My brothers and I were encouraged to read voraciously, to think critically and to “go outside”—to always stay in tune with the world to understand how it was evolving. Dostoevsky, whose banned works my parents had secretly shared and discussed back in Hungary, was a particular lodestar.
I almost ended up pursuing a career in music. Between the ages of 16 and 18, I was heavily invested in drumming and seriously considered climbing the ladder of international courses and competitions. But I was ultimately drawn to technology. Its underlying logic, and seemingly endless potential, fascinated me.
Building an Open-Source Future
Eventually, I studied computer science at the University of Akron. There, I fell headfirst into open-source software and became “red-pilled” on the power of startups and entrepreneurship.
After college, I managed to raise some VC funding and founded my first company. That first venture taught me resilience; I discovered that building something from scratch was as much about endurance as it was about ingenuity. A second startup, focused on AI tooling built on a very early version of ChatGPT, showed me the power and potential of artificial intelligence and machine learning.
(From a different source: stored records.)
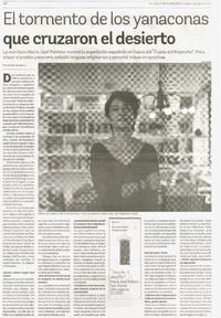 El tormento de los yanaconas que cruzaron el desierto [entrevista] / [artículo] : Por Amelia Carvallo A. El Austral (Osorno, Chile) Agosto 28, 2022, página 10 (suplemento "KU") El Llanquihue (Diario : Chiloé, Chile) Agosto 28, 2022, página 10 (suplemento "domingo") El Austral (Valdivia, Chile) Agosto 28, 2022, página 1 (suplemento "KU") El Mercurio de Valparaíso (Diario : Chile) Agosto 28, 2022, página 1 (suplemento "KU") 1 página : ilustración en blanco y negro ; 39 cm. .
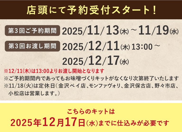 ※ご予約期間内であってもお味噌づくりキットがなくなり次第受け付けを終了いたします
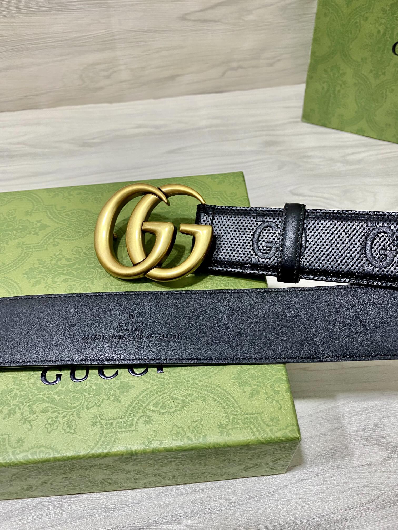 Belt Original 40mm belt made of double-sided imported first-layer cowhide, with needle pattern embossed large G on one side and plain grain on the other. Original factory order $129.00 Original price was: $129.00.$89.00Current price is: $89.00.

Then I discovered blockchain.
For me, blockchain was a revelation. Here was a technology that tied the various strands of my intellectual and professional journey together. A technology that could make centralized abuse of authority, of the kind my parents had fled from in Eastern Europe, impossible. A technology that could open up the benefits of finance to people all around the world.
I saw it as the ultimate open-source project. Crypto offered a new way to create value, one that didn’t rely on traditional, gate-kept VC funding models. Whereas conventional startups raised millions of dollars to develop proprietary products behind closed doors, crypto was open-source by nature. The code is available for anyone to use, fork and improve. Value isn’t captured through ad revenue or data mining but through the token itself. Users who contribute to the ecosystem are rewarded directly, creating a self-sustaining economy that grows as the network expands.
When I founded my current project, I considered applying to the venerable accelerator Y Combinator. Instead, I joined the Avalanche ecosystem, drawn by its vision for a decentralized world and its technical approach to scalability.
In an important way, this brings me full circle, back to the values of independence and self-sufficiency my parents instilled in me. They left their homeland so that I could grow up in a place of opportunity and instilled in me their belief in the primacy of the individual. Now, I am continuing to drive that vision forward across the ever-expanding horizon of decentralized technology.
Steven Gates is CEO of Multisig Labs, the creator of GoGoPool, a decentralized staking protocol on Avalanche founded to simplify the process of launching and validating layer-one blockchains.